## EXERCISE INSTRUCTIONS:
Would you return the records below character for character, without any images?

## SUPPLIED DATA:
=== Begin Enclosure ===

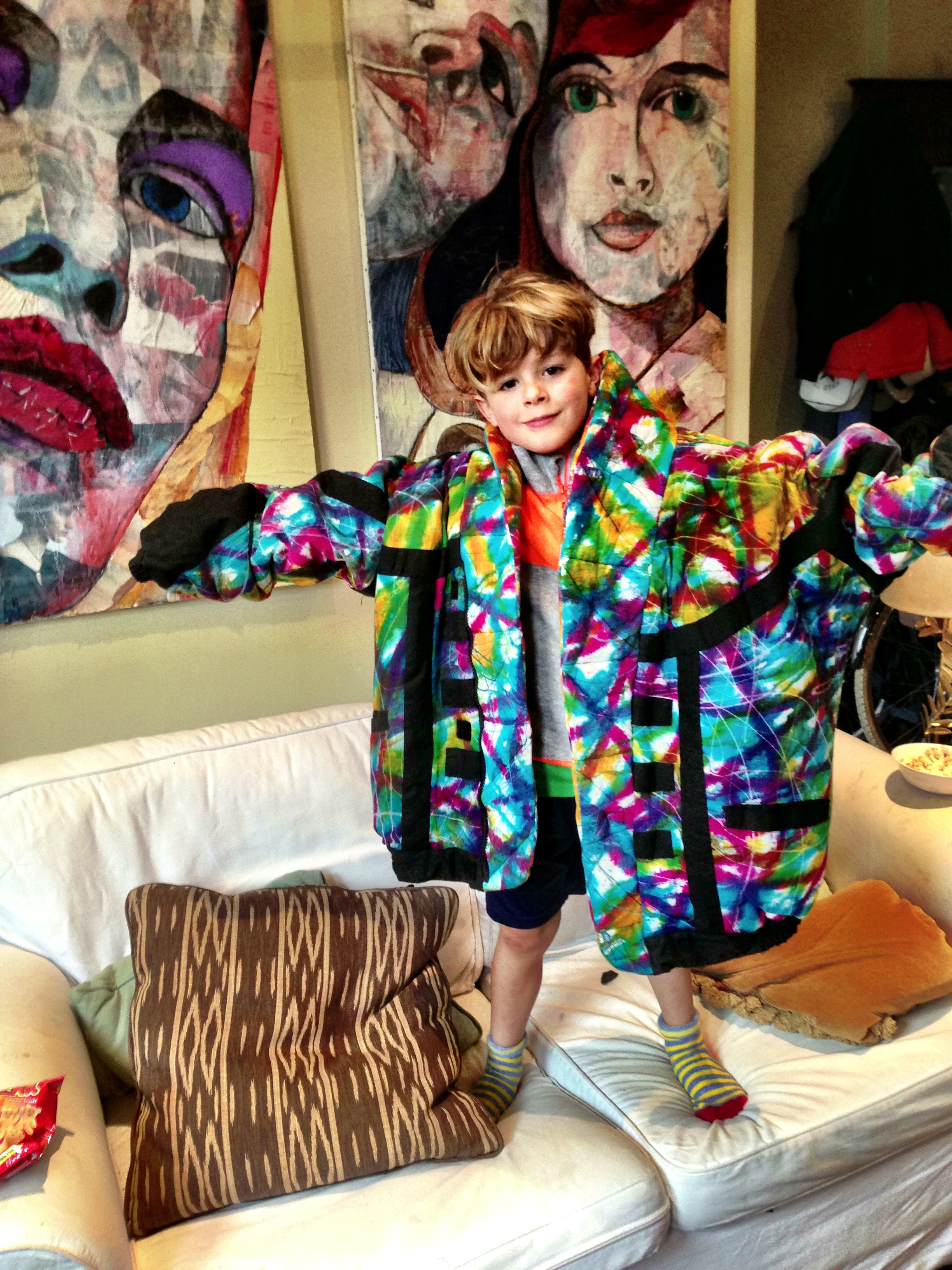 Well done Kate! This hits a couple of soft spots: 80s, shawl collar, DYI dyeing (which I always wanted to try but never did), quilting – in short: a whole lot of puffy fabulousness!
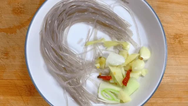 准备适量的红薯粉条,清洗干净后,再次用清水浸泡20分钟,把红薯粉条泡软后可以节省红烧的时间,很容易煮熟。再准备一些炝锅调味品,大蒜、大葱、八角、姜丝。
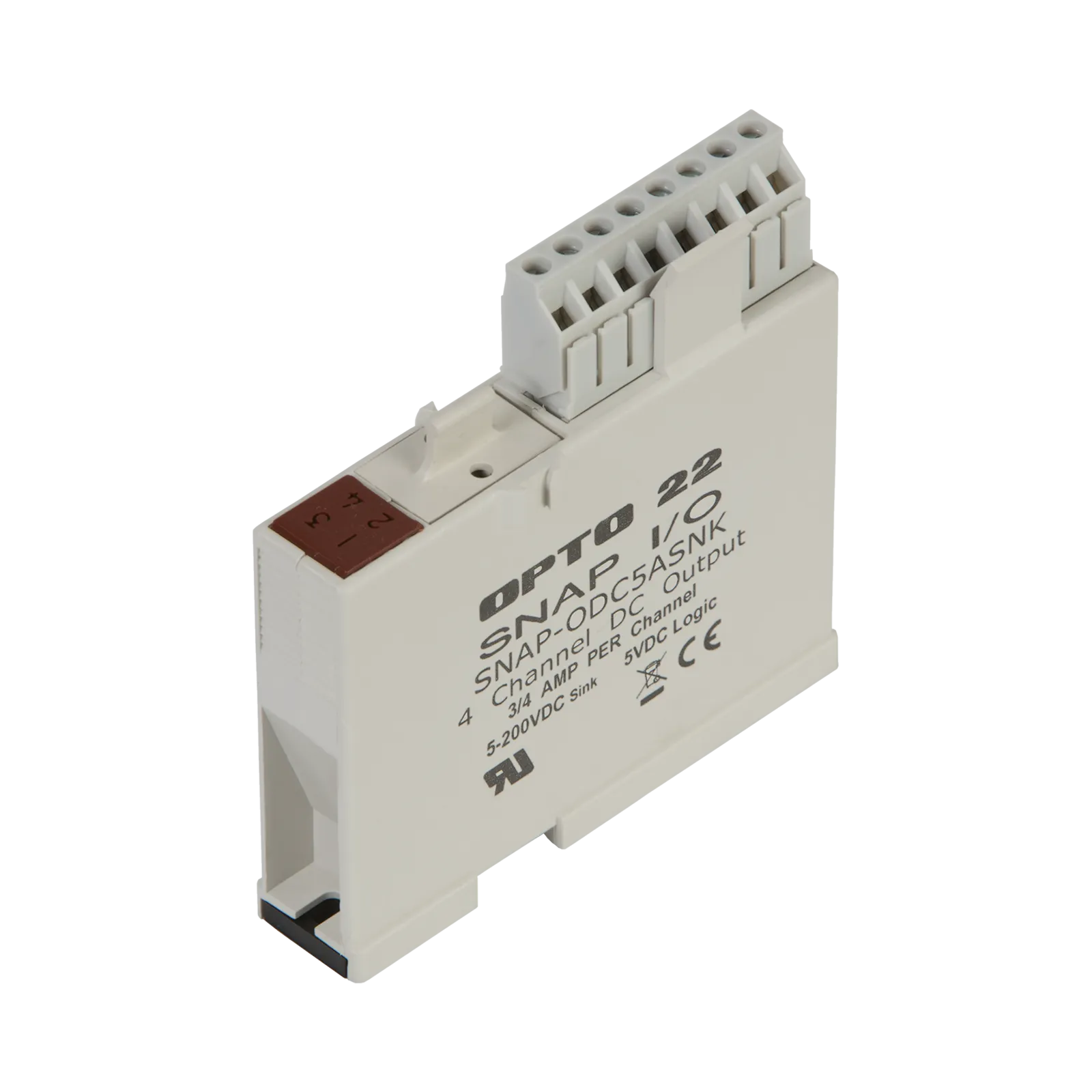 The SNAP-ODC5ASNK provides four channels of 5-200 VDC digital output in a sink configuration, each channel switching a separate DC load. The module features a removable top-mounted connector for easy access to field wiring and channel-specific LEDs for troubleshooting.
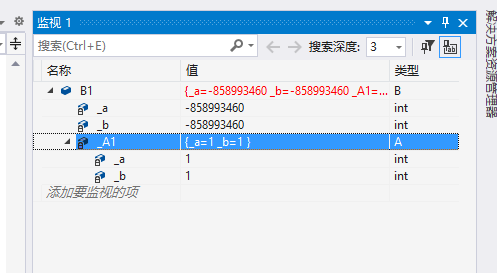 class B {private:int _a;int _b;A _A1;
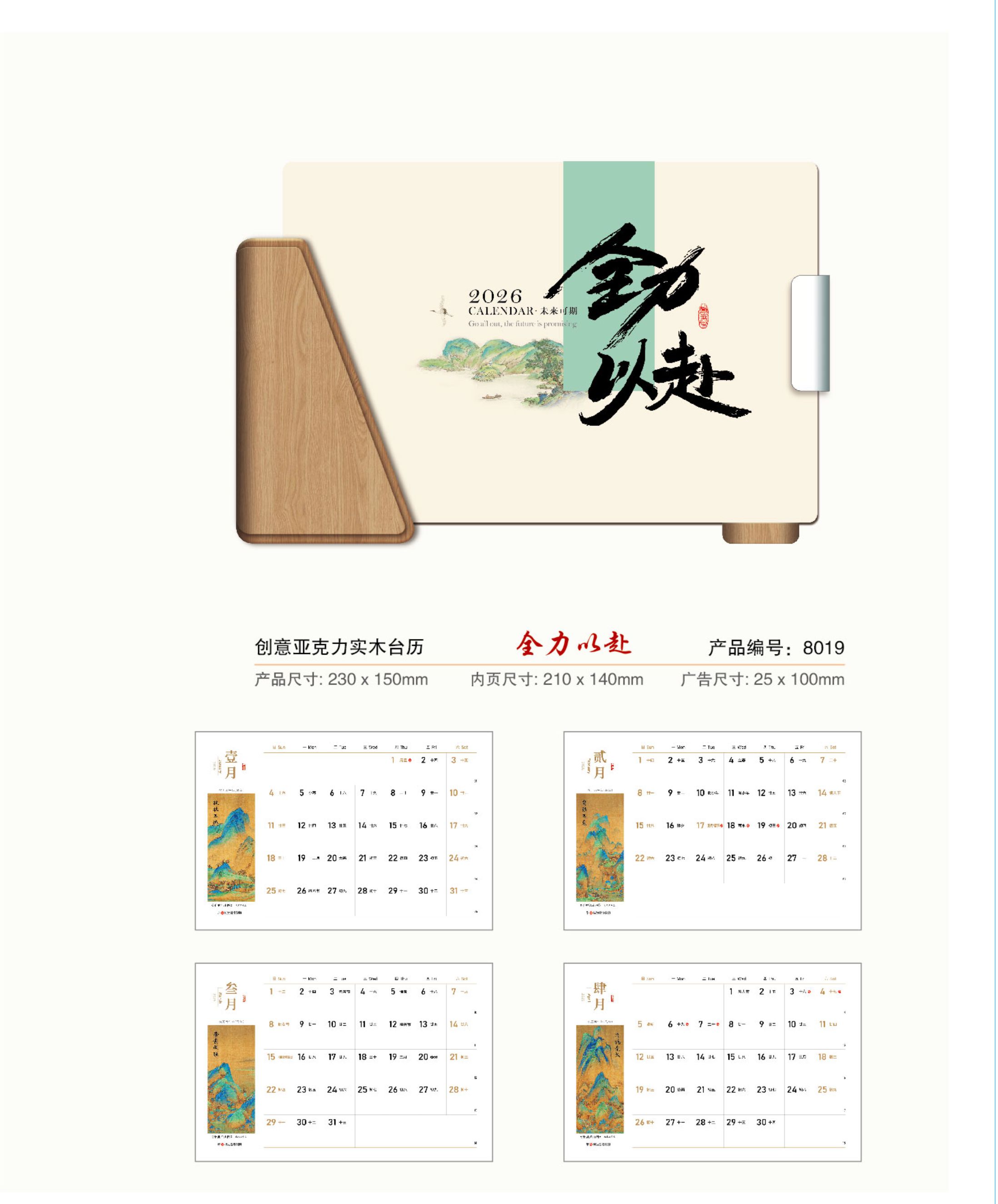 創(chuàng)意亞克力實(shí)木臺(tái)歷-全力以赴
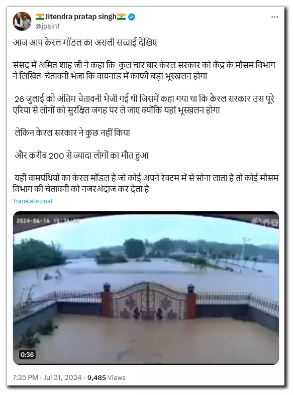 Several right-wing social media users shared the video with a Hindi caption that translates to, "Today you can see the real truth of Kerala model. Amit Shah ji said in the Parliament that the Central Meteorological Department sent a written warning to the Kerala government four times that a huge landslide would occur in Wayanad. The last warning was sent on 26 July in which it was said that the Kerala government should move people from that entire area to a safe place because there would be a landslide there. But the Kerala government did nothing. And more than 200 people died. This is the Kerala model of the leftists, where someone brings gold from his rectum and someone ignores the weather department's warning".

=== End Enclosure ===

## RESULT OF THE EXERCISE:
 Well done Kate! This hits a couple of soft spots: 80s, shawl collar, DYI dyeing (which I always wanted to try but never did), quilting – in short: a whole lot of puffy fabulousness!
 准备适量的红薯粉条,清洗干净后,再次用清水浸泡20分钟,把红薯粉条泡软后可以节省红烧的时间,很容易煮熟。再准备一些炝锅调味品,大蒜、大葱、八角、姜丝。
 The SNAP-ODC5ASNK provides four channels of 5-200 VDC digital output in a sink configuration, each channel switching a separate DC load. The module features a removable top-mounted connector for easy access to field wiring and channel-specific LEDs for troubleshooting.
 class B {private:int _a;int _b;A _A1;
 創(chuàng)意亞克力實(shí)木臺(tái)歷-全力以赴
 Several right-wing social media users shared the video with a Hindi caption that translates to, "Today you can see the real truth of Kerala model. Amit Shah ji said in the Parliament that the Central Meteorological Department sent a written warning to the Kerala government four times that a huge landslide would occur in Wayanad. The last warning was sent on 26 July in which it was said that the Kerala government should move people from that entire area to a safe place because there would be a landslide there. But the Kerala government did nothing. And more than 200 people died. This is the Kerala model of the leftists, where someone brings gold from his rectum and someone ignores the weather department's warning".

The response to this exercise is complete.